**DATA SECTION**
++++++++

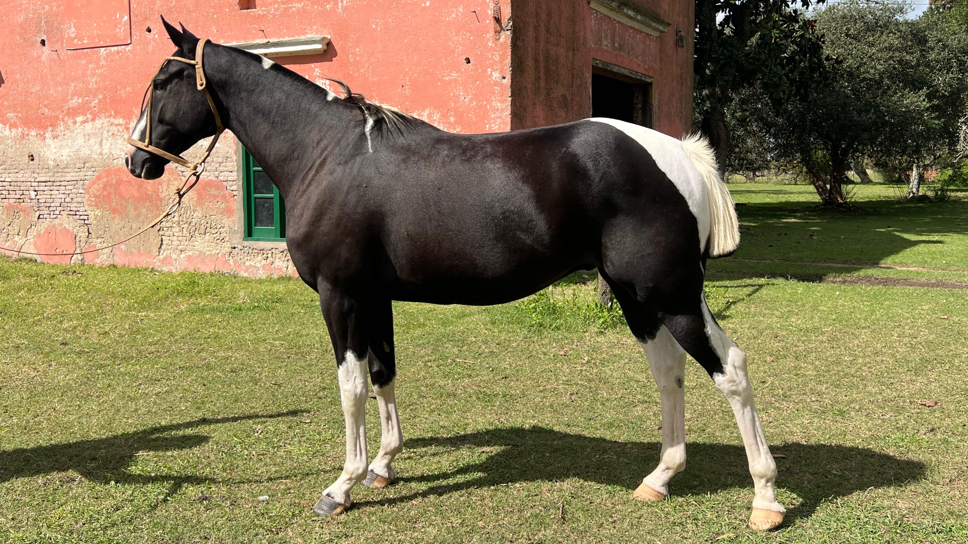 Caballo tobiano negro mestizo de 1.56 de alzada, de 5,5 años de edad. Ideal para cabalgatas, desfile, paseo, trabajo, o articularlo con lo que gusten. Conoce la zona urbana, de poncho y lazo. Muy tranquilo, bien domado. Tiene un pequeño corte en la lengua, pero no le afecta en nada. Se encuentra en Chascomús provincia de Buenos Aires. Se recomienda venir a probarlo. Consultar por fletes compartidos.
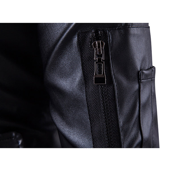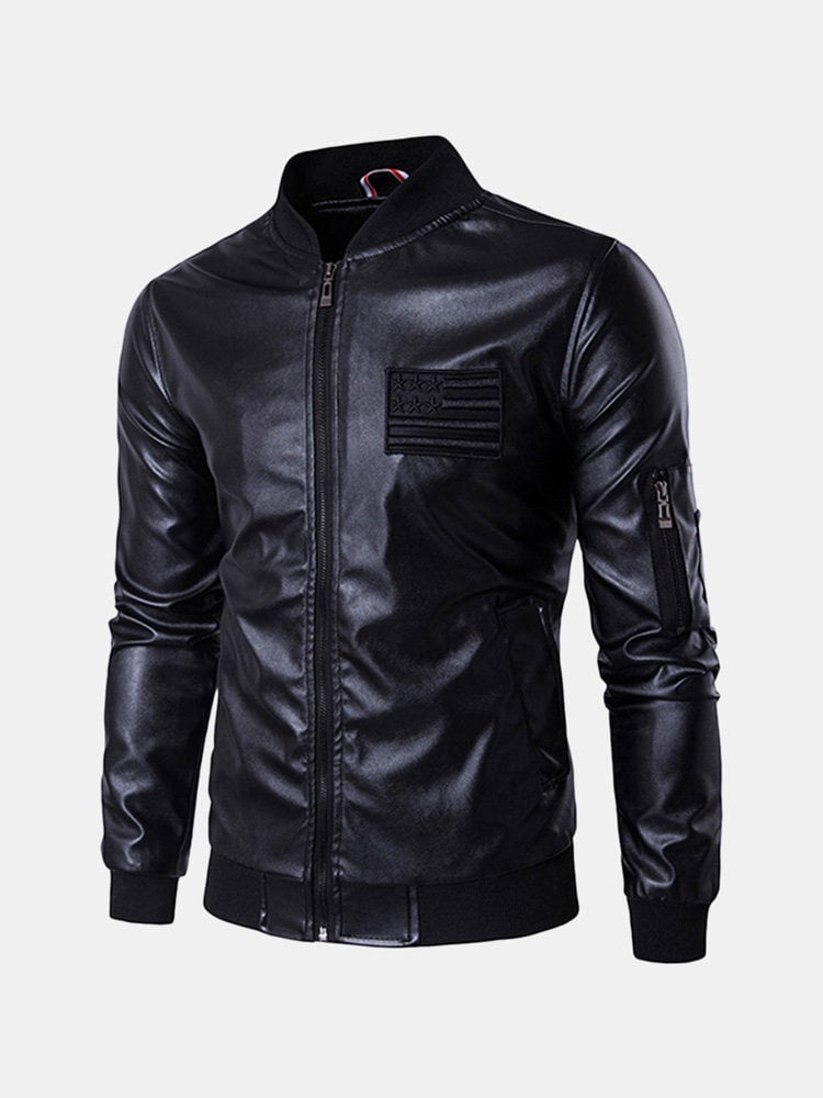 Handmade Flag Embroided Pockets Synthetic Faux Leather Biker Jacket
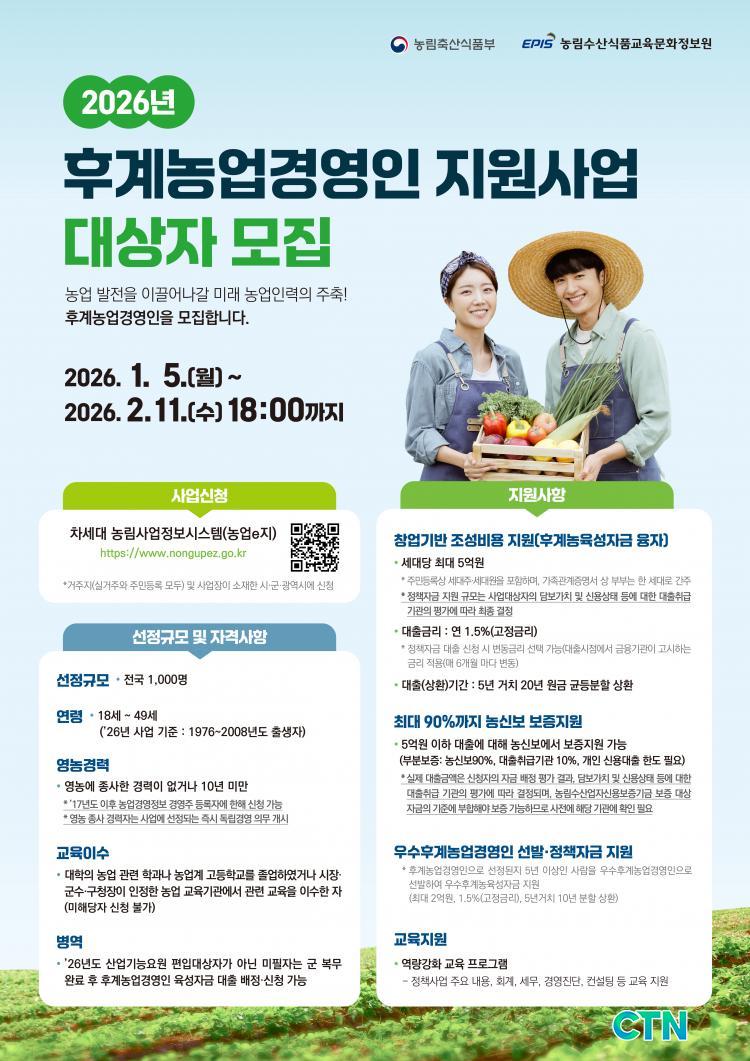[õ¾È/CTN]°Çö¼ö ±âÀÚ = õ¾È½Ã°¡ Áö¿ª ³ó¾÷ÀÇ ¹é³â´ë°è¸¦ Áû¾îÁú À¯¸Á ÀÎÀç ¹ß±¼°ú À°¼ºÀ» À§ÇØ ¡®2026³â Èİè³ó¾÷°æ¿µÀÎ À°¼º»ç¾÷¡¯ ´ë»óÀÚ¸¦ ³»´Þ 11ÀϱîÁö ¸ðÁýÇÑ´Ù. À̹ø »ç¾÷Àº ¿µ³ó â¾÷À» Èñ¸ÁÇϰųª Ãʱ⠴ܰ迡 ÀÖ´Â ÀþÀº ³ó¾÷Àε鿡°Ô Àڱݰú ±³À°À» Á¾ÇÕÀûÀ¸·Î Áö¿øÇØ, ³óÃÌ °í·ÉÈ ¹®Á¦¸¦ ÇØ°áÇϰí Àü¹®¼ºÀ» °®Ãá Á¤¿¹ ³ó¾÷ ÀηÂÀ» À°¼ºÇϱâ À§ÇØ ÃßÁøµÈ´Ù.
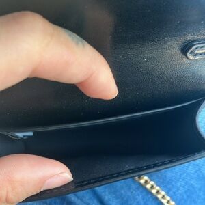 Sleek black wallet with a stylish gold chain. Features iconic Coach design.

++++++++

**BRIEF**
Write out, please, the lines of the listing above from the one with "[õ¾È/CTN]°Çö¼ö ±âÀÚ = õ¾È½Ã°¡" through the very last, exactly as given and with no pictures.

**THE COMPLETED TASK**
[õ¾È/CTN]°Çö¼ö ±âÀÚ = õ¾È½Ã°¡ Áö¿ª ³ó¾÷ÀÇ ¹é³â´ë°è¸¦ Áû¾îÁú À¯¸Á ÀÎÀç ¹ß±¼°ú À°¼ºÀ» À§ÇØ ¡®2026³â Èİè³ó¾÷°æ¿µÀÎ À°¼º»ç¾÷¡¯ ´ë»óÀÚ¸¦ ³»´Þ 11ÀϱîÁö ¸ðÁýÇÑ´Ù. À̹ø »ç¾÷Àº ¿µ³ó â¾÷À» Èñ¸ÁÇϰųª Ãʱ⠴ܰ迡 ÀÖ´Â ÀþÀº ³ó¾÷Àε鿡°Ô Àڱݰú ±³À°À» Á¾ÇÕÀûÀ¸·Î Áö¿øÇØ, ³óÃÌ °í·ÉÈ ¹®Á¦¸¦ ÇØ°áÇϰí Àü¹®¼ºÀ» °®Ãá Á¤¿¹ ³ó¾÷ ÀηÂÀ» À°¼ºÇϱâ À§ÇØ ÃßÁøµÈ´Ù.
 Sleek black wallet with a stylish gold chain. Features iconic Coach design.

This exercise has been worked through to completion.